Toronto Sun columnist Mike Filey speculated that the 1917 change of name from the Zeigler Hotel to the Hotel Spadina was to counter prejudice against German names during World War I.
The Hotel operated under the names Hotel Spadina, or Spadina Hotel for the next eighty years.

In 1982 Douglas Martin, of the New York Times, described the hotel′s bar as a ″cozy, mainly working-class bar″, while he reported Canadians' reaction to one of Pierre Trudeau's speeches.
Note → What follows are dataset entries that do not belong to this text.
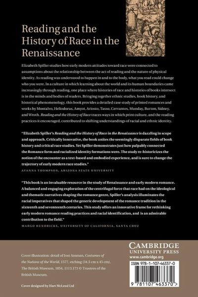 Elizabeth Spiller studies how early modern attitudes towards race were connected to assumptions about the relationship between the act of reading and the nature of physical identity. As reading was understood to happen in and to the body, what you read could change who you were. In a culture in which learning about the world and its human boundaries came increasingly through reading, one place where histories of race and histories of books intersect is in the minds and bodies of readers. Bringing together ethnic studies, book history and historical phenomenology, this book provides a detailed case study of printed romances and works by Montalvo, Heliodorus, Amyot, Ariosto, Tasso, Cervantes, Munday, Burton, Sidney and Wroth. Reading and the History of Race traces ways in which print culture and the reading practices it encouraged, contributed to shifting understandings of racial and ethnic identity.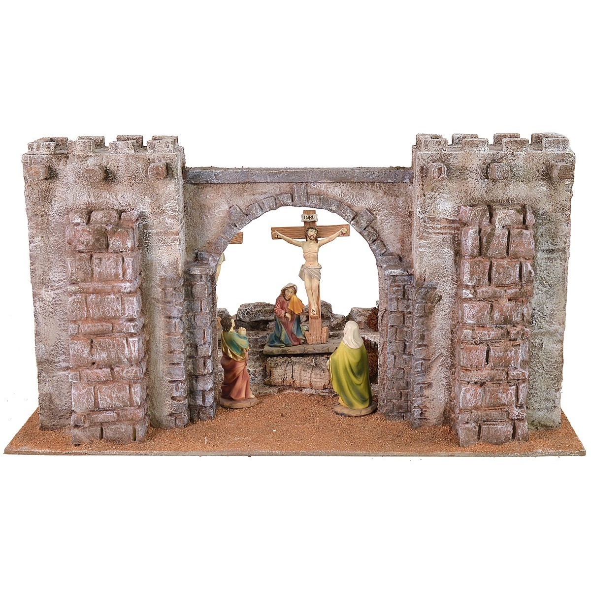 Ambientación que representa la crucifixión de Cristo. En primer plano, la fachada de una fortaleza con dos torres laterales y una apertura en arco desde la cual se vislumbran las tres cruces de madera: la central, en la que será crucificado Jesús, y las dos laterales para los ladrones. La escena es adecuada para estatuas de altura de 9 cm o 10 cm disponibles en los productos relacionados; la ambientación se vende vacía sin estatuas y las imágenes completas tienen un propósito meramente ilustrativo. El artículo ha sido producido en Italia por hábiles manos artesanas con poliestireno, madera y corcho.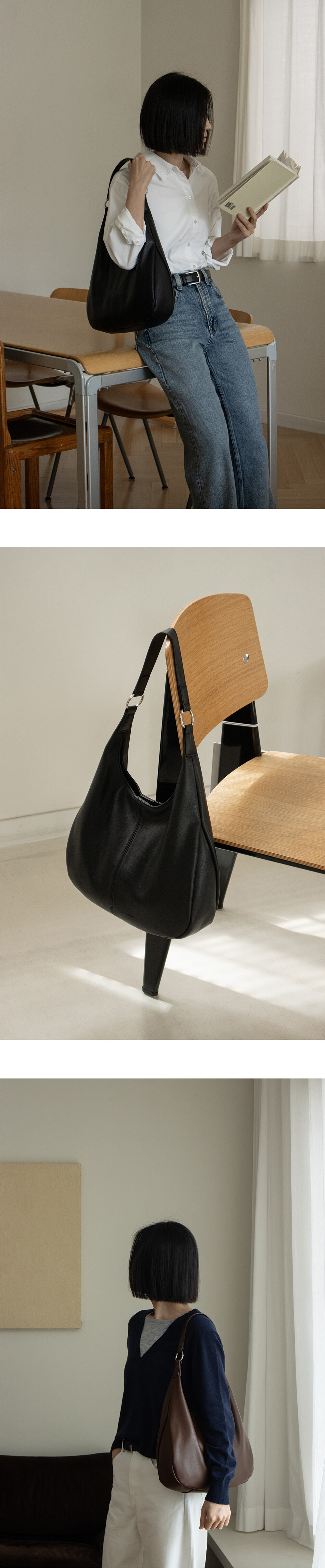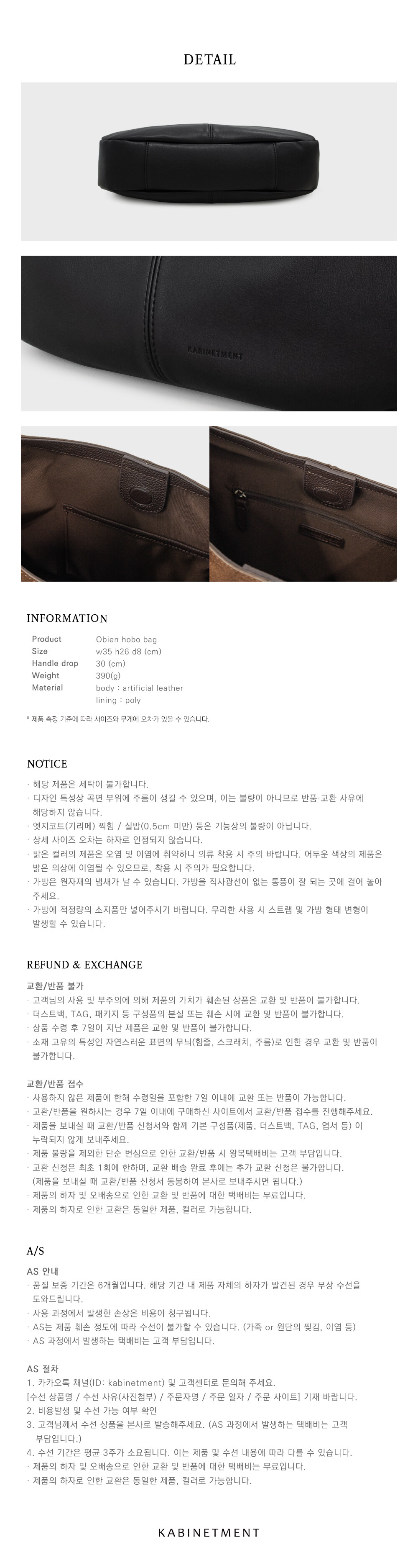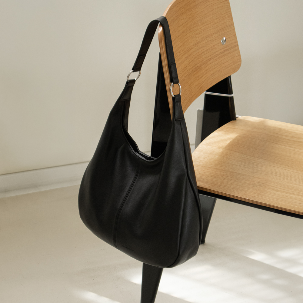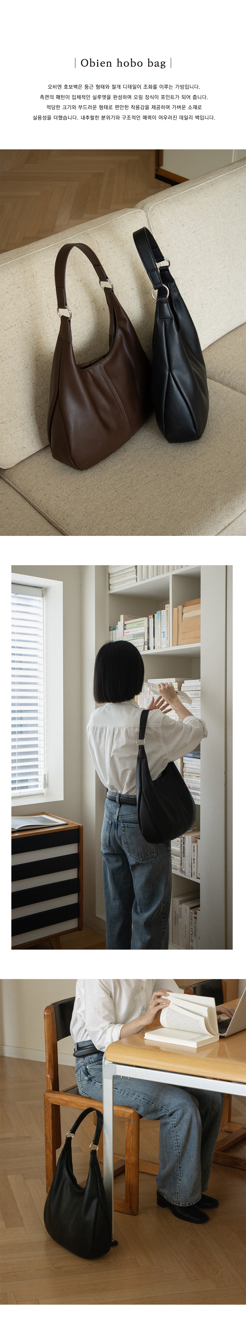 오비엔 호보백은 둥근 형태와 절개 디테일이 조화를 이루는 가방입니다. 측면의 패턴이 입체적인 실루엣을 완성하며 오링 장식이 포인트가 되어 줍니다.

Over its history it has been home to many notable residents. In the 1960s and 1970s it was a centre of the Queen Street West music scene, and saw such visitors as Leonard Cohen and the Rolling Stones. On the second level, the Cabana Room was a central venue to the strip. The Jack Nicholson film The Last Detail was also partially filmed at the hotel.

According to the National Post, Ernest Hemingway, who was a reporter for the Toronto Star before he became a famous writer, used to stay there. They reported that Leonard Cohen and the Tragically Hip used to perform there. According to the BC Music Review, it was also one of the venues of Toronto's punk scene.

The hotel was renamed the Global Village Backpackers in 1997 and the once seedy hotel became a welcoming youth hostel to Toronto, Ontario. With 190 beds (four people per room) it was the largest youth hostel in Toronto. The hostel closed on January 20, 2014.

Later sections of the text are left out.